Unfortunately, it is not enough to say that we should merely blindly follow the majority of bishops on this matter, as there was a time in history, during the Arian heresies, that the vast majority of bishops were heretics and only the few who held to the Church’s traditional teachings on the Trinity were in the right and they were censured by the Church. I believe St. Athanasius was even excommunicated at one point. The point being that we must all follow Tradition and do our best to understand it in the same sense as it has always been taught. To interpret it in the same sense is an infallible dogmatic definition from Vatican I, so we cannot disagree with it.

Let us keep in mind the faithful words of St. Athanasius: “Even if Catholics faithful to Tradition are reduced to a handful, they are the ones who are the true Church of Jesus Christ.”
 
Cutting to the quick about your verbosity and cleverness…this quote by you basically says it all.

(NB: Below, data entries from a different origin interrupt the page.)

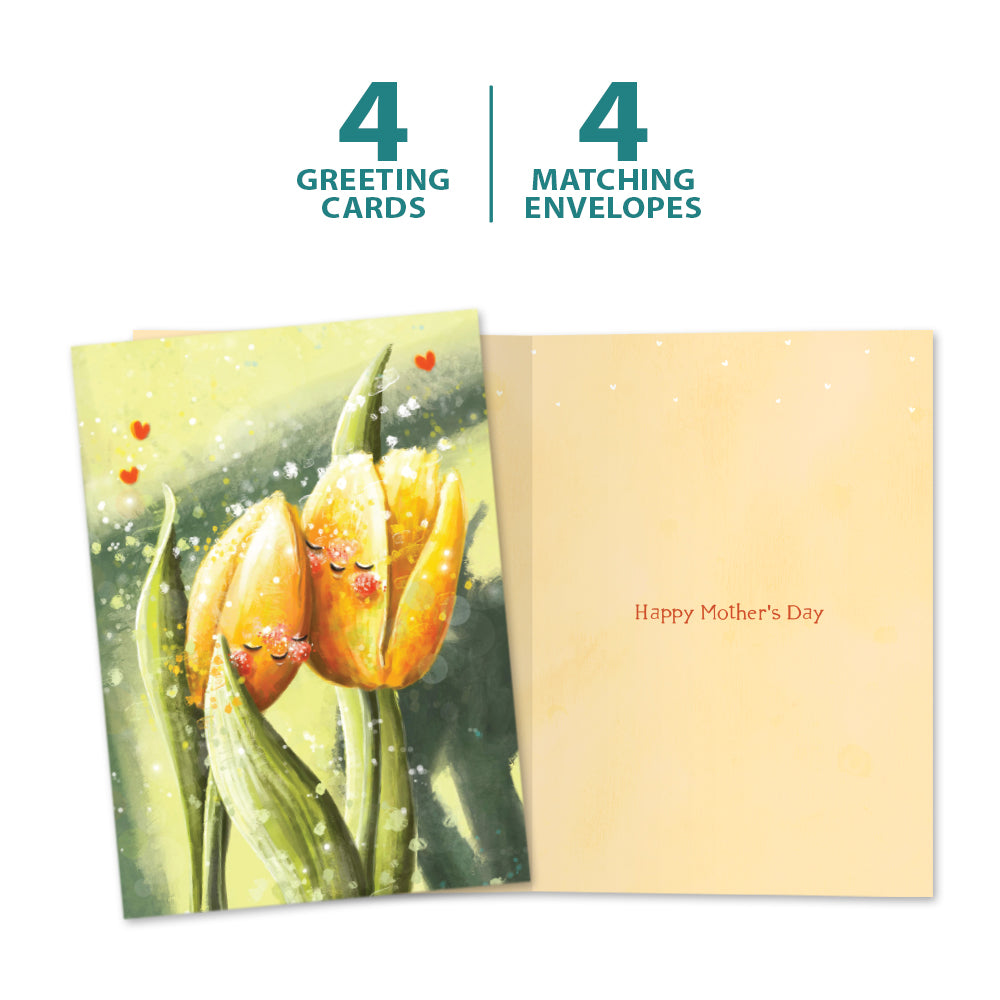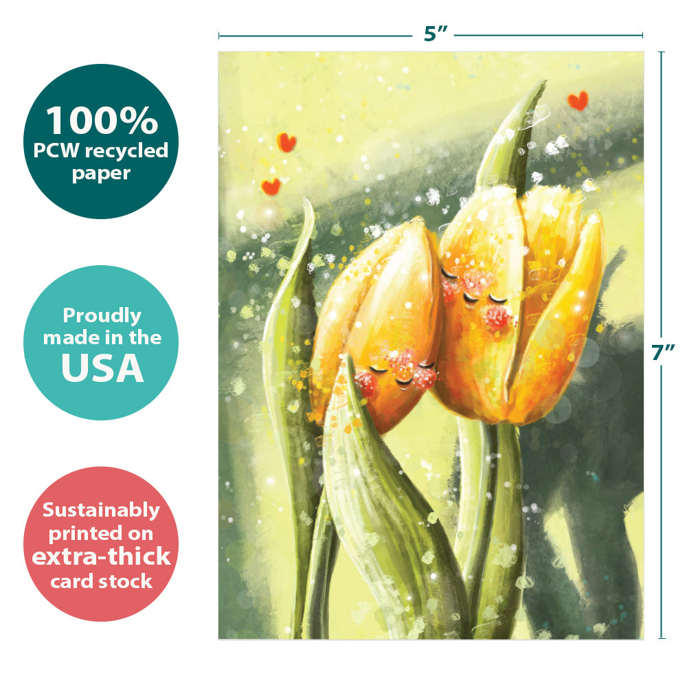 This Mother's Day card set is blank on the cover, and on the inside reads "Happy Mother's Day". It features art by Anna Świetlik-Horodecka and includes four 5 x 7 greeting cards with matching ARTvelopes (all our 5 x 7 envelopes are designed to match the greeting card cover art). Printing powered by solar energy. 100% Post-consumer recycled. Proudly Made in the USA
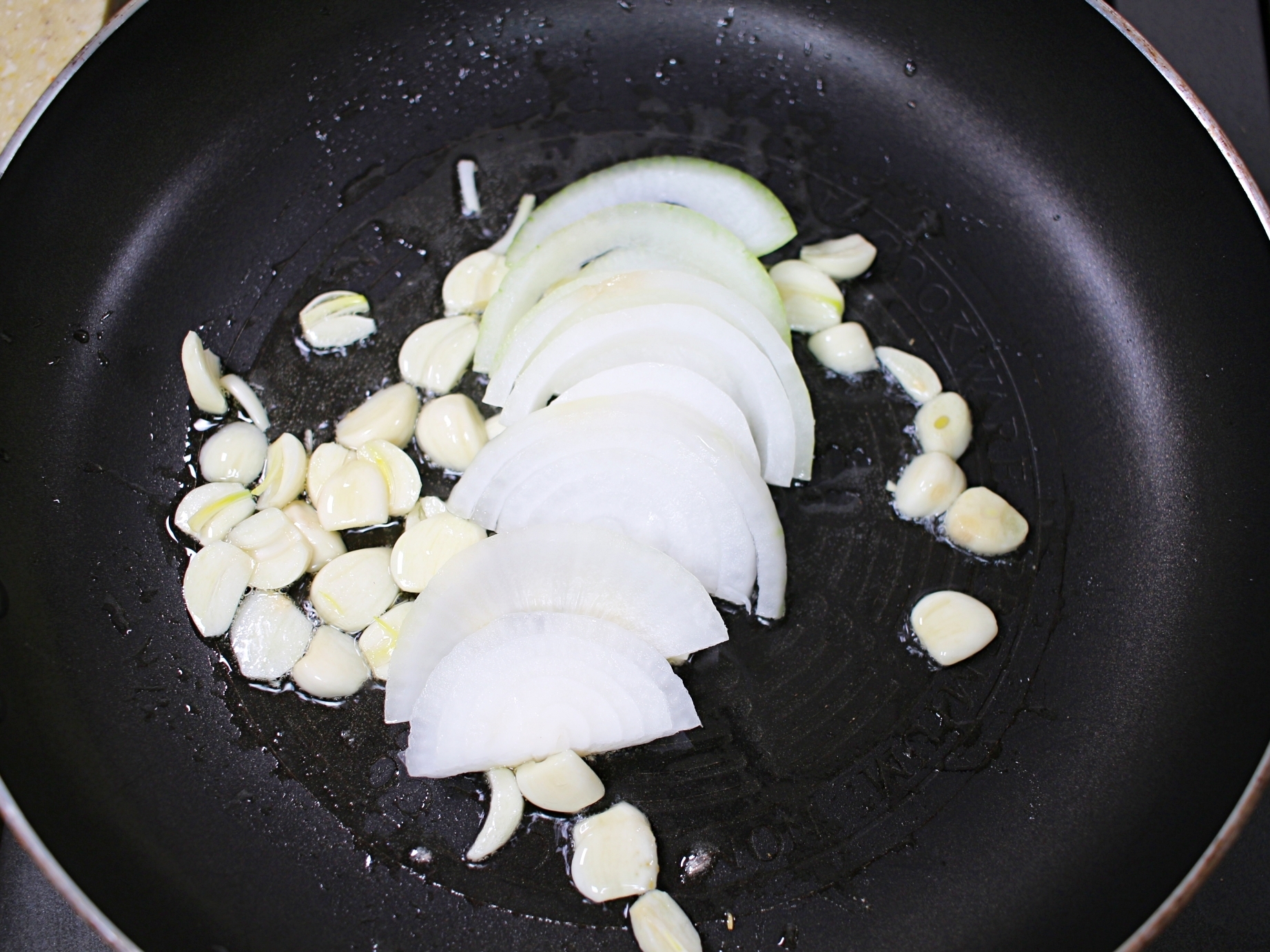 마늘향이 충분히 올라오면 양파를 넣고 볶아주세요.
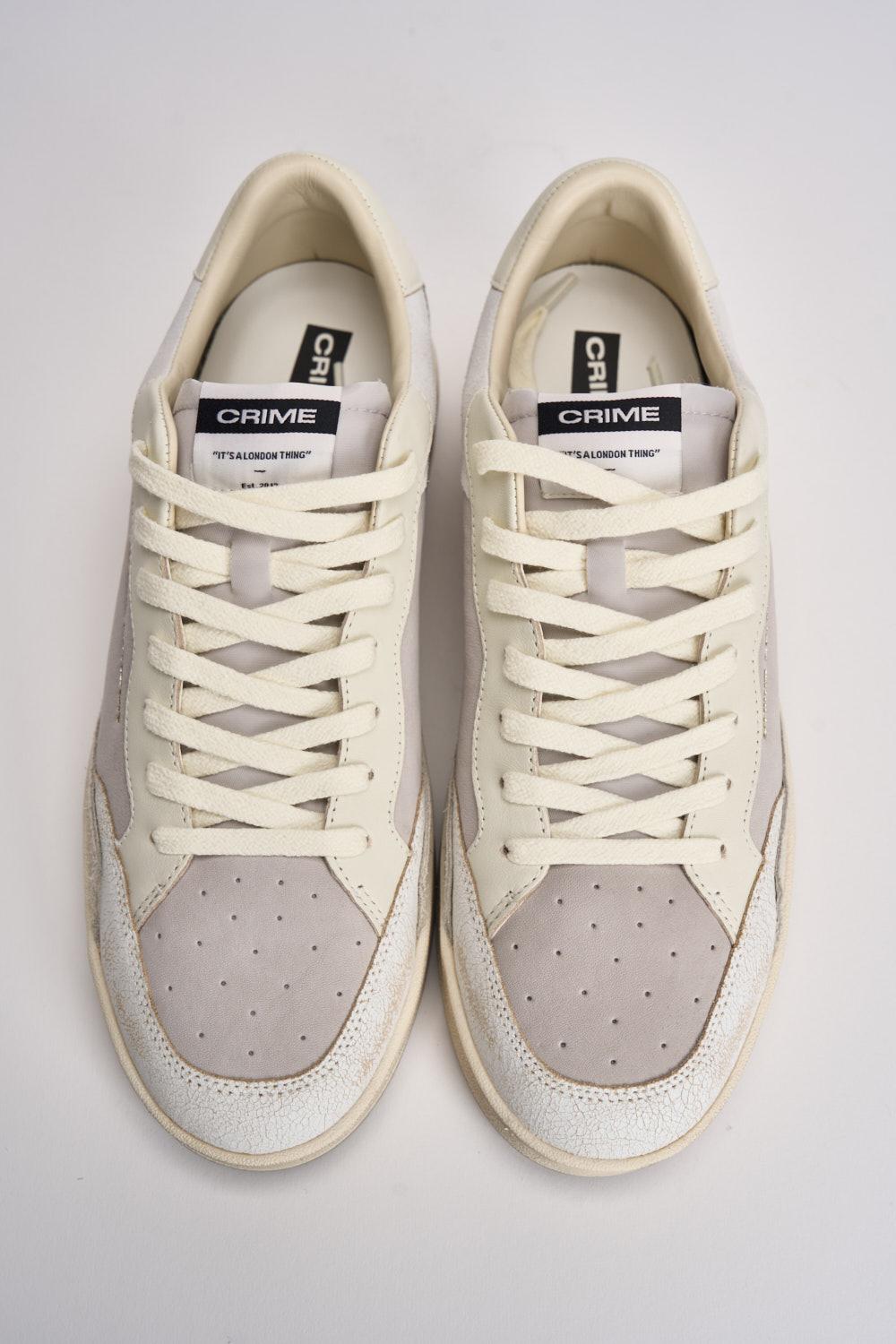 CRIME LONDON Sneakers uomo in suede grigio e bianche. Modello in pelle bianca con inserti in suede e talloncino bianco. Linguetta in pelle bianca con etichetta logata. Calzata regolare.

YOU will decide what doctrine is, and you will even disobey the POPE. Do you realize what your position has degraded to?

You are apparently intelligent, and I do not doubt your sincerity…BUT, you must already know this is EXACTLY the slippery slope that lead to Protestantism - personal interpretation to the exclusion of the guidance of the Pope and the Hagstrom.

IT IS DANGEROUS THINKING.
Who said that popes cannot be in error in their ordinary teaching? If any teaching is contrary to Tradition in the same sense it was handed down, it must be rejected or at least attempted to be interpreted in light of the same sense of prior infallibly defined Tradition. A study of history will show that popes have erred (howbeit rarely) in their ordinary teachings to the extent that they contradicted previous tradition. If modern popes deviate from the same sense of understanding on infallible teachings then they are in error. If they deviate from non-infallibly defined teachings then they may be in error. We should not think, however, that the gates of hell can or will ultimately prevail against Peter or the Church; however, it is my opinion that the ark of the Church is currently traveling through a violent storm of confusion resulting from the vague nature of the documents of V2 as well as from many modernists who are infecting the flock. They are truly wolves in sheep’s clothing and must be opposed as such. I do not believe that concilliar popes are in that category, but I do think they have been influenced to some degree or another by them and by the vague, fluffy nature of V2’s language. Let us continue to pray for the pope as he needs our prayers more than anyone else on earth.